Every entry is to be transcribed as it stands. Images stay out.

• **DATA EXTRACT**

———

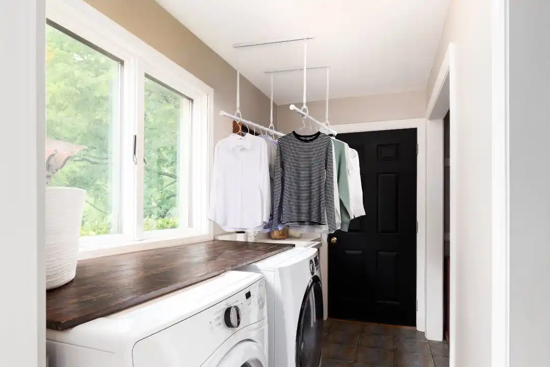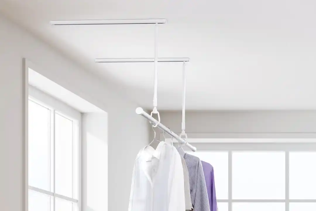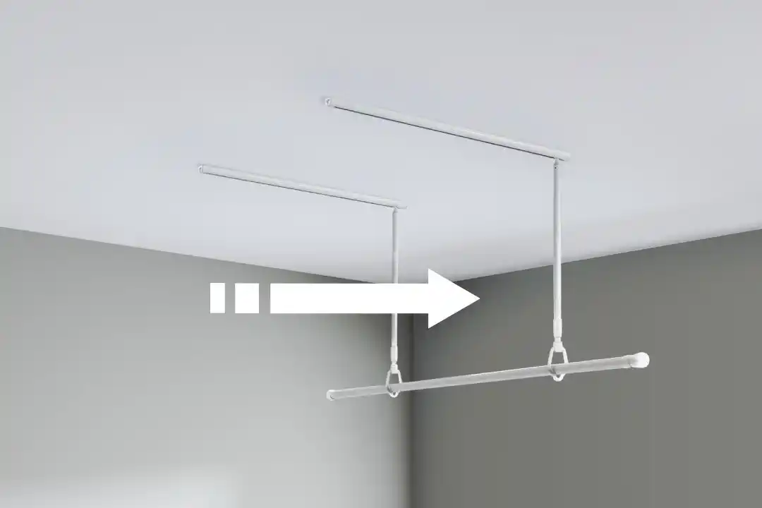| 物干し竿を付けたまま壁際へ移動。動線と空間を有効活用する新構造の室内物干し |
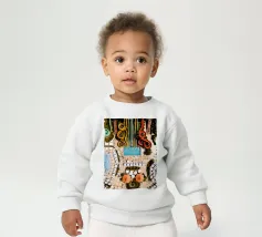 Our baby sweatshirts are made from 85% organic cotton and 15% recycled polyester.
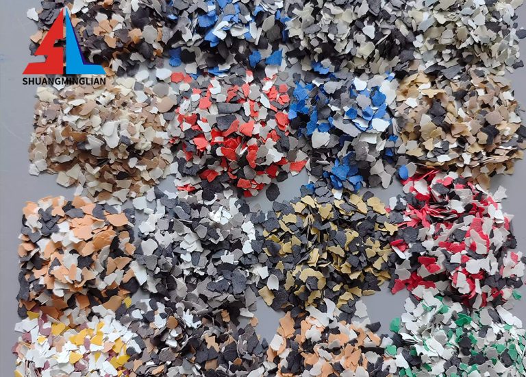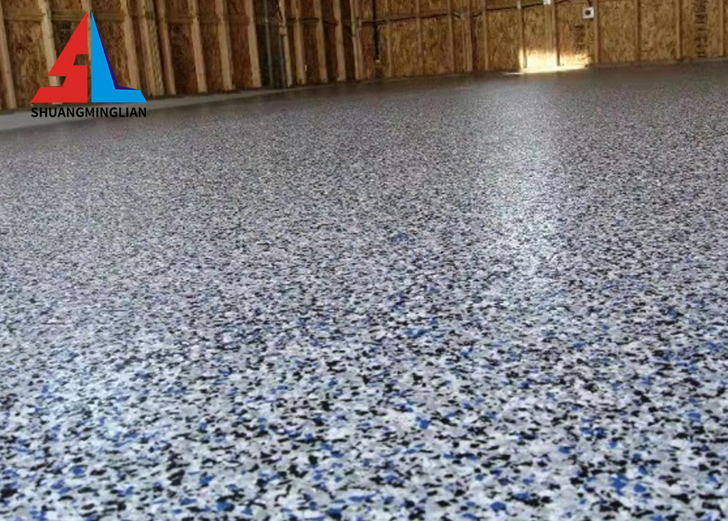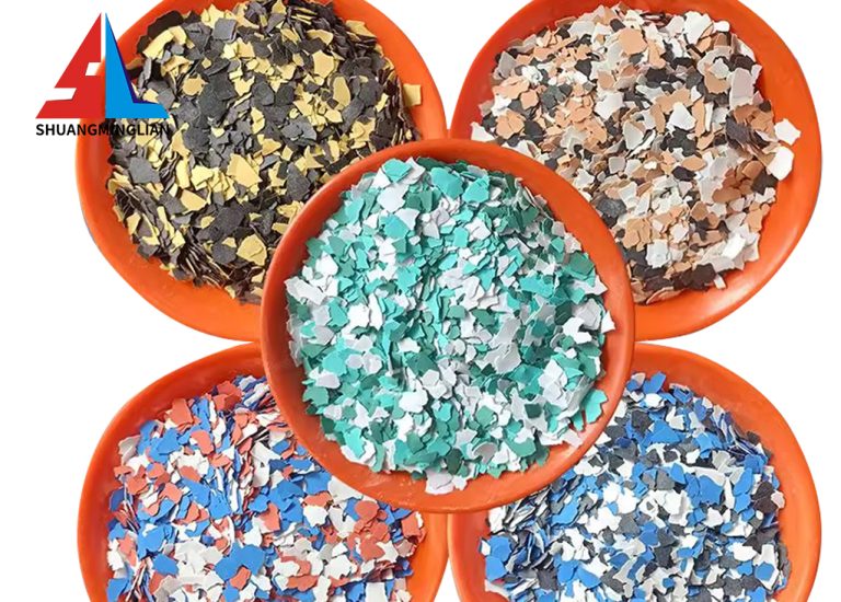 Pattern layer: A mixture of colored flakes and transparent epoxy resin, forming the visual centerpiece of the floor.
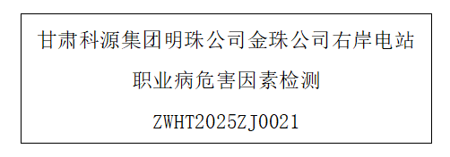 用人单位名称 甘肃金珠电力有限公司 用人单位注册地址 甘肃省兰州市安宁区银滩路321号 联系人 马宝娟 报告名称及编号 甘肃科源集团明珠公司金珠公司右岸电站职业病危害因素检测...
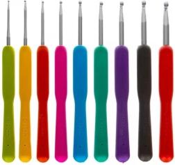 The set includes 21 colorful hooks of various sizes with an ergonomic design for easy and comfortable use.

———

• **WRITTEN ANSWER**
| 物干し竿を付けたまま壁際へ移動。動線と空間を有効活用する新構造の室内物干し |
 Our baby sweatshirts are made from 85% organic cotton and 15% recycled polyester.
 Pattern layer: A mixture of colored flakes and transparent epoxy resin, forming the visual centerpiece of the floor.
 用人单位名称 甘肃金珠电力有限公司 用人单位注册地址 甘肃省兰州市安宁区银滩路321号 联系人 马宝娟 报告名称及编号 甘肃科源集团明珠公司金珠公司右岸电站职业病危害因素检测...
 The set includes 21 colorful hooks of various sizes with an ergonomic design for easy and comfortable use.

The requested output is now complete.